Added
- Added `RTVIProcessor` which implements the RTVI-AI standard.
See https://github.com/rtvi-ai
- Added `BotInterruptionFrame` which allows interrupting the bot while talking.
- Added `LLMMessagesAppendFrame` which allows appending messages to the current
LLM context.
- Added `LLMMessagesUpdateFrame` which allows changing the LLM context for the
one provided in this new frame.
- Added `LLMModelUpdateFrame` which allows updating the LLM model.
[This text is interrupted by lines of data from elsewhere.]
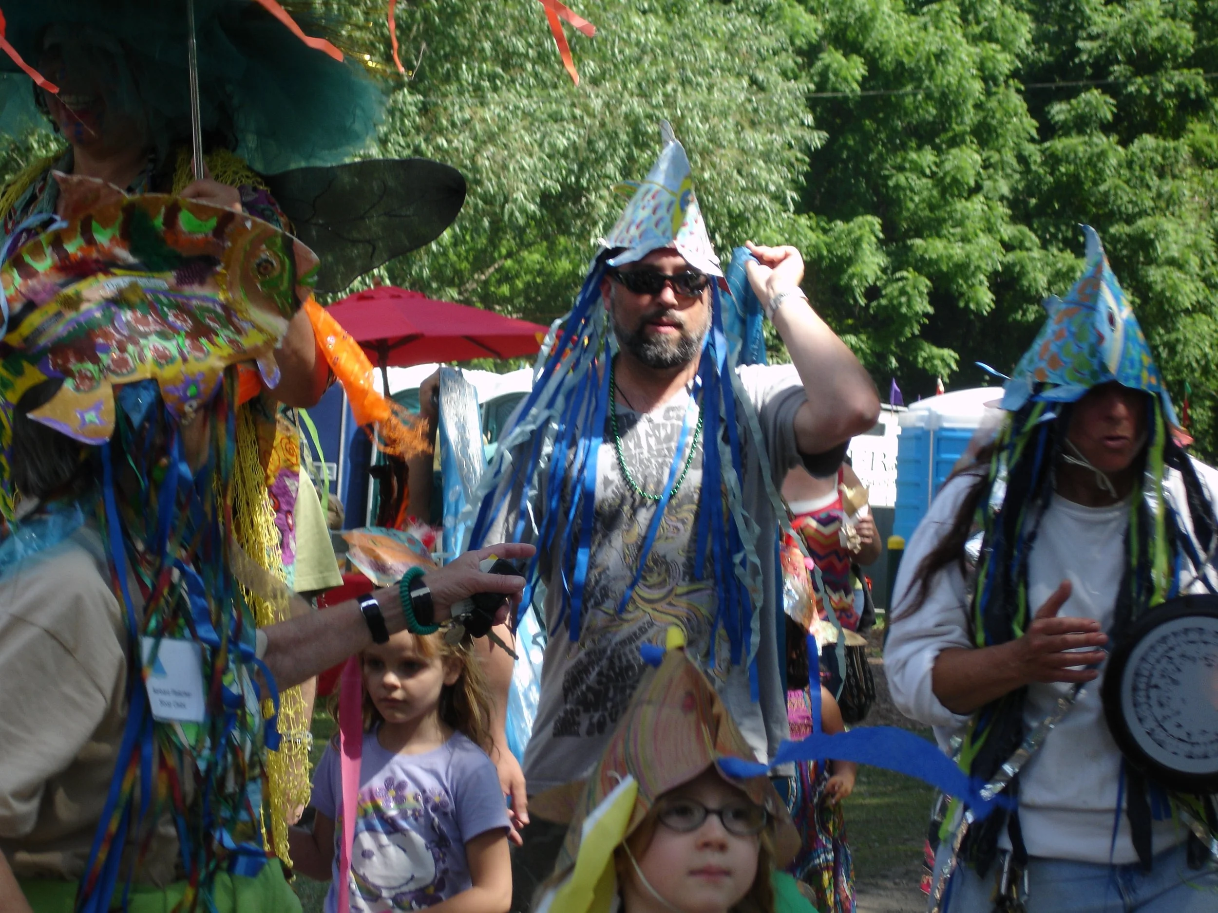 The River Arts Project and Fish Headdresses started with participants making fish headdresses for environmental parades. It evolved into a grant funded program for low-income youth in Greenfield, MA who lived along the Green River. The young participants studied what made the river and its inhabitants sick or healthy and made fun, evocative fish headdresses to reflect that. They also wrote, danced, and did a clean-up and a river-keeper’s council on its banks.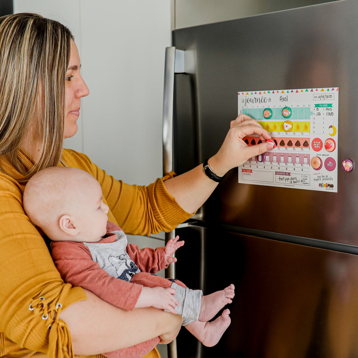 Déplace l’aimant selon le nombre de boires. Inscris l’heure, la durée et la quantité (en ml ou en oz) au besoin. Indique « A » s’il s’agit d’un allaitement (si vous n’allaitez pas exclusivement).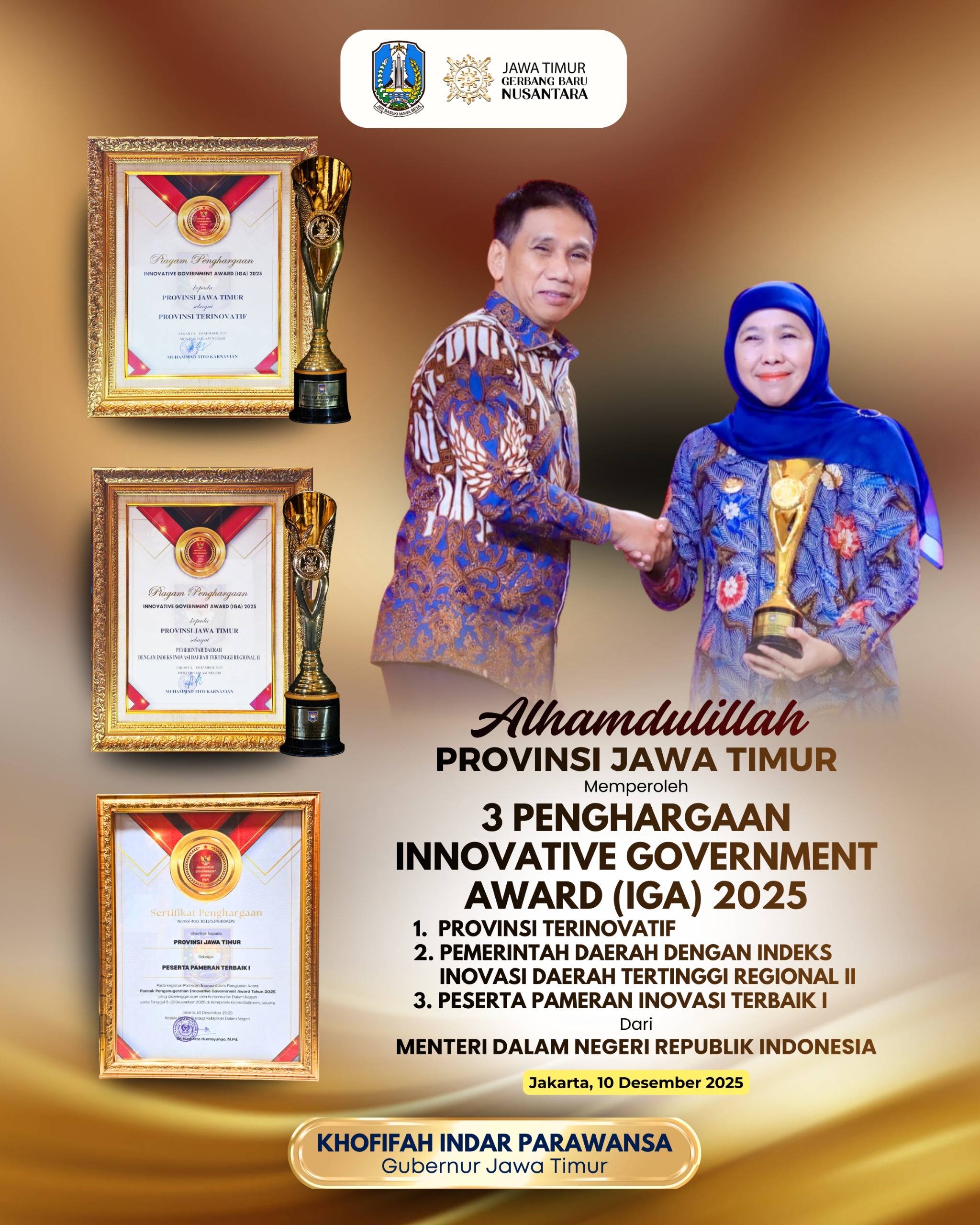 JAKARTA, 10 DESEMBER 2025 – Pemerintah Provinsi Jawa Timur berhasil meraih tiga penghargaan bergengsi dalam ajang Innovative Government Award (IGA) Tahun 2025.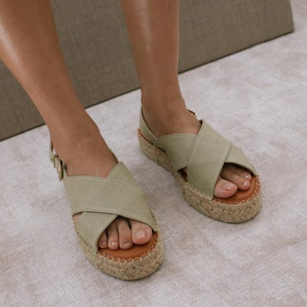 Green cotton canvas cross-strap espadrilles with platform soles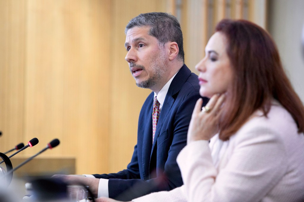 A su lado, figura la presidenta de la Asamblea General de Naciones Unidas María Fernanda Espinosa; los demás panelistas fueron el director general de la Organización de Naciones Unidas para la Alimentación y la Agricultura (FAO) José Graziano da Silva, y el presidente del Fondo Internacional para el Desarrollo Agrícola (FIDA) Gilbert Houngbo.

- Added `TTSSpeakFrame` which causes the bot say some text. This text will not
be part of the LLM context.
- Added `TTSVoiceUpdateFrame` which allows updating the TTS voice.
Removed
- We remove the `LLMResponseStartFrame` and `LLMResponseEndFrame` frames. These
were added in the past to properly handle interruptions for the
`LLMAssistantContextAggregator`. But the `LLMContextAggregator` is now based
on `LLMResponseAggregator` which handles interruptions properly by just
processing the `StartInterruptionFrame`, so there's no need for these extra
frames any more.
Fixed
- Fixed an issue with `StatelessTextTransformer` where it was pushing a string
instead of a `TextFrame`.
- `TTSService` end of sentence detection has been improved. It now works with
acronyms, numbers, hours and others.
- Fixed an issue in `TTSService` that would not properly flush the current
aggregated sentence if an `LLMFullResponseEndFrame` was found.
Performance
- `CartesiaTTSService` now uses websockets which improves speed. It also
leverages the new Cartesia contexts which maintains generated audio prosody
when multiple inputs are sent, therefore improving audio quality a lot.